Election Reform Panelists

April 3, 1998

Pierce, St. Croix Election Reform Panelists Named

For more information, contact:
Professor David Schultz, 715/425-3318, or
Paul Schaefer, Jefferson Center, at 715/792-5127

Twenty-one residents of Pierce and St. Croix counties will serve as panelists to come up with an independent plan on campaign financing election reform for state offices in Wisconsin.

From April 13-17, the panelists will meet at UW-River Falls to hear in-depth presentations on five approaches to campaign financing election reform gaining momentum in Wisconsin.
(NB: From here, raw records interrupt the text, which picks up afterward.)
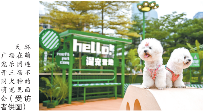
天环广场在萌宠乐园连开三场不同天种的萌宠见面会

除了新潮玩法，“夜游经济”也成为今年“五一”消费的新增长点。如年轻人聚集的天环广场，天台花园市集汇聚了上百个潮流摊位与音乐演出，点亮城市夜生活，特别是天台live show音乐演出，营造年轻人最爱的节日惬意氛围。各种演艺项目、展览等丰富多彩的夜间商业形态，延长了消费链条，助推夜间消费热度不断攀升。
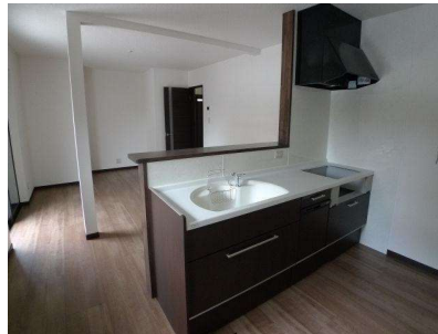
リビング 現地(2021年8月)撮影
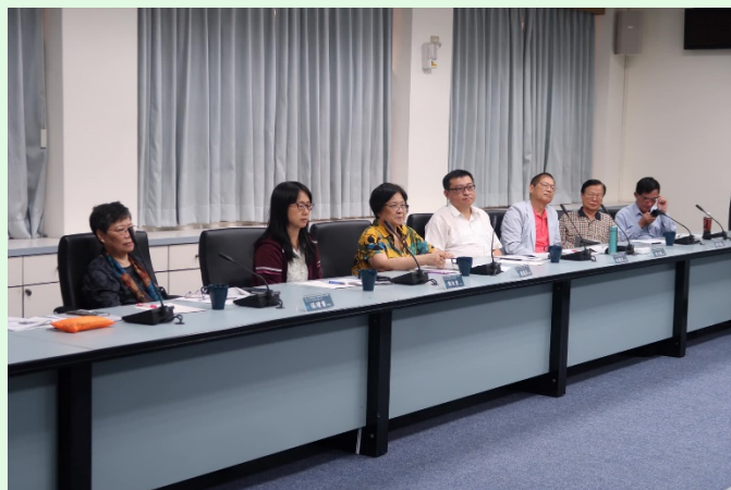
圖 4 本系兼任教師與在校學生及畢業系友之參與情形
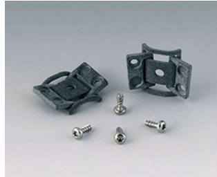
C8100360 Internal hinge set
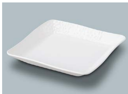
MS-830 SW(白雪) 角皿 AB
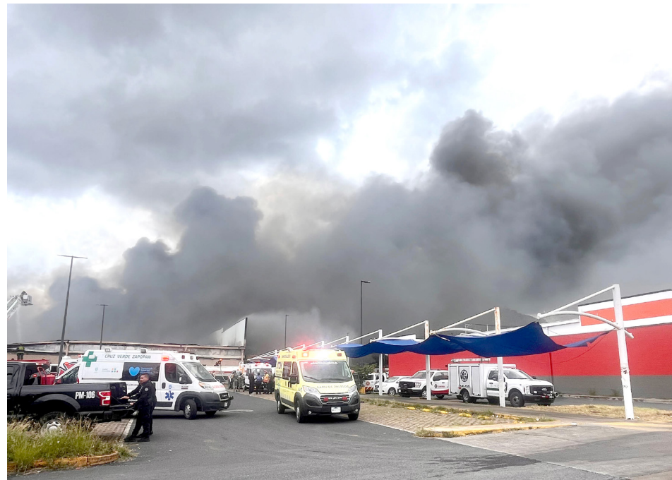
La tienda fue consumida en su totalidad por las llamas.
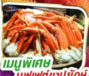
เมนูพิเศษ บุฟเฟต์ซาปูยักษ์

ราคาเพียง 35,999 *รวมภาษีมูลค่าเพิ่มแล้ว*
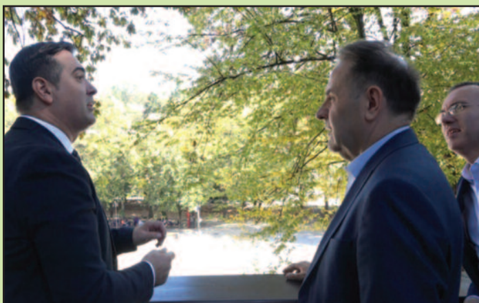
Председник општине Бобан Ђуровић и министар Расим Љајић

– Бања постаје заиста један бисер, у правом смислу те речи, бањског туризма у Србији. У овој години је најпосећенија бања по броју остварених ноћења и друга најпосећенија локација у нашој земљи, после Београда и тај статус није случајно условно речено

Sponsored by the Citizens Election Forum of Minneapolis, the panelists will take testimony for a week and issue a report on its opinion of the most effective way to finance Wisconsin elections. Students in a political participation course taught by UW-RF political science Professor Dave Schultz selected the panelists and will monitor the week-long presentations and discussions for bias.

Appearing before the panelists to present their approach to electoral reform include:

Roger Bybee of Wisconsin Citizen Action. The Milwaukee-based chapter of the national organization advocates full public funding of political campaigns. It has not yet developed a specific proposal for Wisconsin.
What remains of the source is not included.